Don't bend over or lean forward to bring your breast to your baby. Instead, cradle your baby close to your breast. Sit in a chair that offers good arm and back support. Support yourself with pillows if needed. Or lie on your side with your baby on his or her side, facing you.

When you're settled, tickle your baby's lower lip with your nipple. Make sure your baby's mouth is open wide and he or she takes in part of the darker area around the nipple (areola). Your nipple should be far back in the baby's mouth, and the baby's tongue should be cupped under your breast. Listen for a rhythmic sucking and swallowing pattern.

If you need to remove the baby from your breast, first release the suction by inserting your finger into the corner of your baby's mouth.

Let your baby set the pace

Let your baby nurse from the first breast thoroughly, until the breast feels soft — often about 15 minutes. Then try burping the baby. After that, offer the second breast. If your baby's still hungry, he or she will latch on. If not, simply start the next breast-feeding session with the second breast. If your baby consistently nurses on only one breast at a feeding during the first few weeks, pump the other breast to relieve pressure and protect your milk supply.

If your baby pauses during breast-feeding sessions to gaze at you or look around the room, enjoy the moment. Consider it an opportunity to slow down and bond with your baby.

Hold off on a pacifier — at first

Some babies are happiest when they're sucking on something. Enter pacifiers — but there's a caveat. Giving your baby a pacifier too soon may interfere with breast-feeding. The American Academy of Pediatrics recommends waiting to introduce a pacifier until a baby is 1 month old and breast-feeding is well established.

Gauge your success

When your baby is latched on successfully, you'll feel a gentle pulling sensation on your breast — rather than a pinching or biting sensation on your nipple. Your breasts may feel firm or full before the feeding, and softer or emptier afterward. Look for your baby to gain weight steadily, produce six to eight wet diapers a day and be content between feedings. Your baby's stools will become yellow, seedy and loose.

Take care of your nipples

After each feeding, it's OK to let the milk dry naturally on your nipple. If you're in a hurry, gently pat your nipple dry. To keep your nipples dry between feedings, change bra pads often.

When you bathe, keep soap, shampoo and other cleansers away from your nipples. If your nipples are dry or cracked, try an ointment containing lanolin. Rubbing olive oil or expressed milk on your nipples may help, too.

Think privacy

Many breast-feeding moms wear loose tops that can be partially unbuttoned — from the bottom up — for feedings. You can also use a receiving blanket to cover yourself and your baby while you're breast-feeding. If you'd like more privacy, ask someone to hold a baby blanket or stand in front of you while you get the baby settled.

Make healthy lifestyle choices

Your lifestyle choices are just as important when you're breast-feeding as they were when you were pregnant.

  • Eat plenty of fruits, vegetables and whole grains.
  • Drink lots of fluids.
  • Rest as much as possible.
  • Only take medication with your doctor's OK.
  • Don't smoke.

Also beware of caffeine and alcohol.
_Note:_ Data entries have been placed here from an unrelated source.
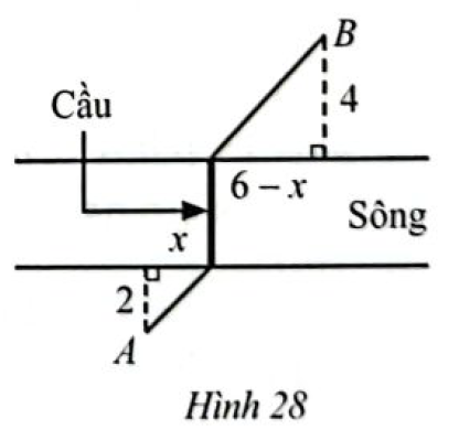 Hai địa điểm A và B cách hai bởi một con sông (coi hai bờ sông song song). Người ta muốn xây một chiếc cầu bắc vuông góc với bờ sông để có thể đi từ A đến B. Với các số liệu (tính theo đơn vị km) cho trên Hình 28, tìm \(x\) (km) để xác định vị trí đặt chân cầu sao cho khoảng cách từ B đến chân cầu phía B gấp đôi khoảng cách từ A đến chân cầu phía A.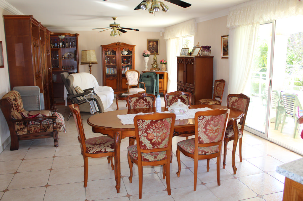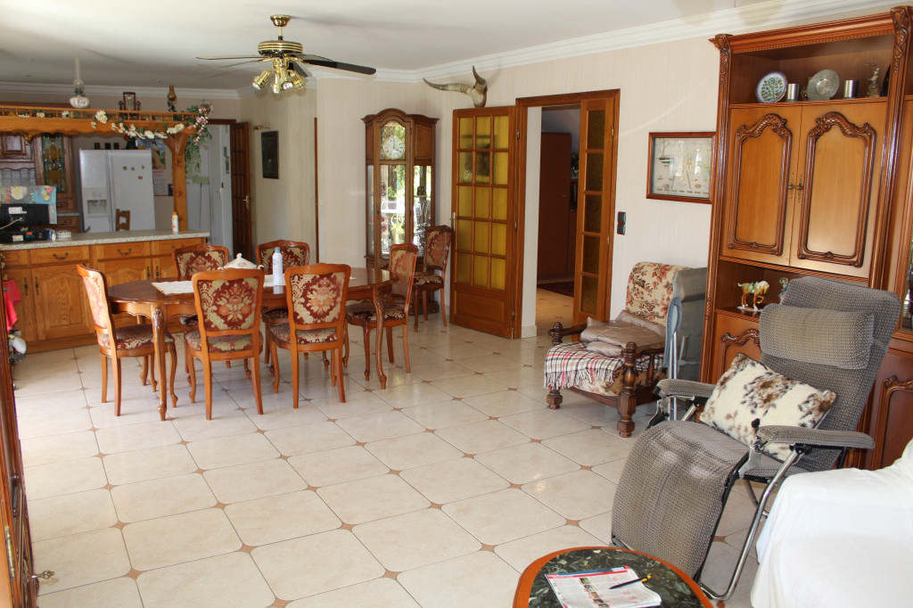 Au rez de chaussée: grande entrée desservant un beau séjour-cuisine de 57 m² qui ouvre sur la terrasse, arrière-cuisine, deux chambres avec salle d'eau et salle de bains, wc, grand garage.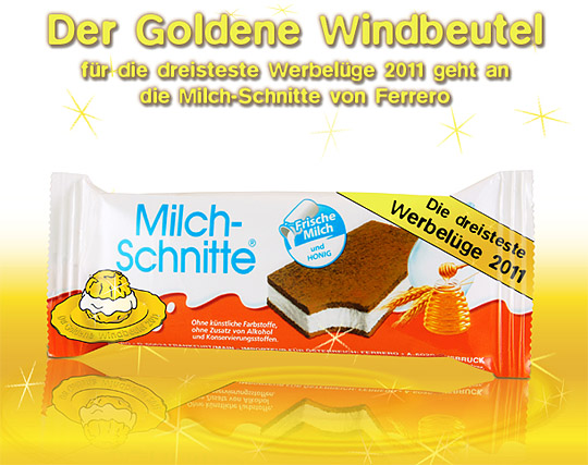 Milchschnitte. Dieser Kinder-fresst-euch-bitte-dick-Riegel wird vor allem von schlanken jungen Damen beworben, die nach dem Sport kollektiv und unverschwitzt eine federleichte Mahlzeit einnehmen wollen. Dabei hat der Schmutz mehr Zucker und Fett intus, als eine nette Portion Schoko-Torte. Na dann, lassts euch schmecken, Mädels. Ganz nebenbei sollte bemerkt werden, das man sich als Werbe-Schauspieler mit in die Lügerei hineinziehen lässt, billig-grinsender Handlanger der Werbeindustrie wird.

Too much caffeine can make your baby irritable and interfere with your baby's sleep. If you choose to have an occasional alcoholic drink, avoid breast-feeding for two hours afterward.

Give it time

If breast-feeding is tougher than you expected, try not to get discouraged. It's OK to have a slow start. As you and your baby get to know each other, breast-feeding will begin to feel more natural.

If you're struggling, ask a lactation consultant or your baby's doctor for help — especially if every feeding is painful or your baby isn't gaining weight. Although your nipples may be tender for the first few weeks, breast-feeding isn't supposed to hurt. If you haven't worked with a lactation consultant, ask your baby's doctor for a referral or check with the obstetrics department at a local hospital. Early support is often the key to breast-feeding success.